"Le modèle Kiwi sur les médicaments chez nous rapporterait des millions"

"Le modèle Kiwi sur les médicaments chez nous rapporterait des millions"
"Le modèle Kiwi sur les médicaments chez nous rapporterait des millions" - © Tous droits réservés

C'est l'un des leitmotivs, voire l'une des obsessions du PTB, le Parti des Travailleurs belges, cela figure même dans son programme de base. Diviser par deux - au moins - le prix des médicaments, comme préconisé depuis des années par leur spécialiste de la question, Dirk Van Duppen, de la Médecine pour le Peuple, auteur de "La guerre des médicaments".
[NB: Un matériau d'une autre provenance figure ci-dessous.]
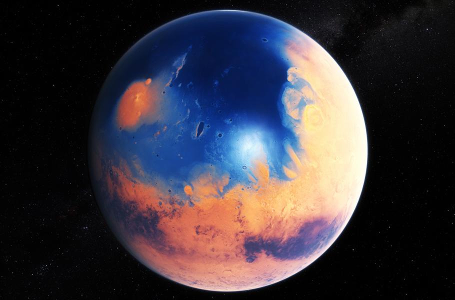 Ilustrace zachycující představu Marsu v období před 4 miliardami let. Na Marsu mohlo být v té době dostatečné množství vody ke vzniku globálního oceánu s hloubkou až 140 m. Je však pravděpodobnější, že kapalina stékala do níže položených oblastí, čímž vznikla nádrž s rozlohou poloviny severní marsovské hemisféry, jejíž hloubka v některých místech dosahovala až 1,6 km. (zdroj: ESO, M. Kornmesser, N. Risinger, CC BY-SA 4.0)

Et voilà qu'ils ont trouvé du grain à moudre dans les derniers chiffres de l'INAMI concernant le top-25 des médicaments remboursés qui ont été vendus en 2014 dans les pharmacies publiques. Ce top-25 représente, je cite, 35 % des dépenses nettes totales en médicaments ambulants de l’assurance santé obligatoire. Et selon les calculs du PTB, une application du modèle Kiwi sur des dépenses totales de 913,1 millions dans ce top-25, "on pourrait économiser 459,5 millions d'euros, dont 208 millions sur les seuls 8 médicaments du classement dont le brevet a expiré"... Le modèle Kiwi soit le choix du médicament le moins cher, moins cher à la vente et mieux remboursé par la sécurité sociale. Un modèle dont on parle depuis longtemps chez nous... mais jamais vraiment appliqué.

Kiwi mode d'emploi

Des années en effet que l'on en parle de ce modèle Kiwi, Kiwi (comme l'oiseau ou le fruit) car appliqué en Nouvelle-Zélande depuis 1993, mais aussi désormais aux Pays-Bas depuis 2008. Un modèle de fixation des prix des médicaments, par plusieurs mécanismes. Comme, en résumé, l'organisation par l’État d'un système d'appel d'offres général pour des médicaments parmi les entreprises pharmaceutiques en vue de promouvoir les médicaments certes les plus efficaces, mais aussi les moins chers.

Avec encouragement du recours aux médicaments génériques. Avec recherche de molécules comparables mais peut-être ayant perdu leur brevet. Avec surtout en bout de course un mode de remboursement plus grand pour les molécules les moins coûteuses. L'absence de remboursement des médicaments plus chers devant décourager les patients comme les médecins prescripteurs. Objectif : faire baisser le prix du médicament en renforçant la concurrence et aider Trésor public/Sécurité sociale et patients.

Recherche Kiwi belge désespérément

Voilà pour la théorie idéale. Sauf que ce système idéal est finalement bien difficile à mettre en place et notamment chez nous. Et là, on tire sur un fil et toute la bobine d'explications vient. D'abord que tous les médicaments ne sont pas interchangeables, qu'ils n'ont pas toujours les mêmes effets sur chaque patient donc certains remplacements de molécules sont impossibles ou à déconseiller.

Que les médecins prescripteurs voulaient largement être associés au processus. Que les firmes pharmaceutiques y voyaient parfois une entrave à développer de nouveaux médicaments qui seraient vus comme trop coûteux etc. Sur ce thème Kiwi, le lobby de l'industrie, grosse pourvoyeuse de main d’œuvre chez nous, a toujours été rude.

Sont passés les ministres de la Santé et/ou des Affaires sociales qui promettaient ce modèle Kiwi, notamment les PS Rudy Demotte en 2003, Laurette Onkelinx en 2012, promesse aussi notamment de cette dernière d'un mécanisme de comparaison des prix avec les pays voisins. Mais au final, ce n'est qu'une "version soft" du modèle Kiwi, ciblant seulement certains médicaments - de lutte contre le cholestérol ou  antidouleurs -, qui a été appliquée chez nous. Sans jamais jusqu'à présent se voir généralisé.

La ministre actuelle de la Santé, l'Open Vld Maggie de Block répète que ce modèle ne peut pas "fonctionner chez nous dans une économie ouverte. Difficile de lancer des négociations avec l'industrie à la seule échelle de la Belgique, il faudrait passer par des accords européens, sous peine de voir se développer un tourisme pharmaceutique et des accords conclus par les firmes pour contourner un mécanisme purement belgo-belge".

 Maggie de Block qui ne s'est pour l'heure lancée que dans des négociations Bénélux-firmes pharmaceutiques pour réduire les prix... de médicaments liés à des maladies orphelines et donc rares.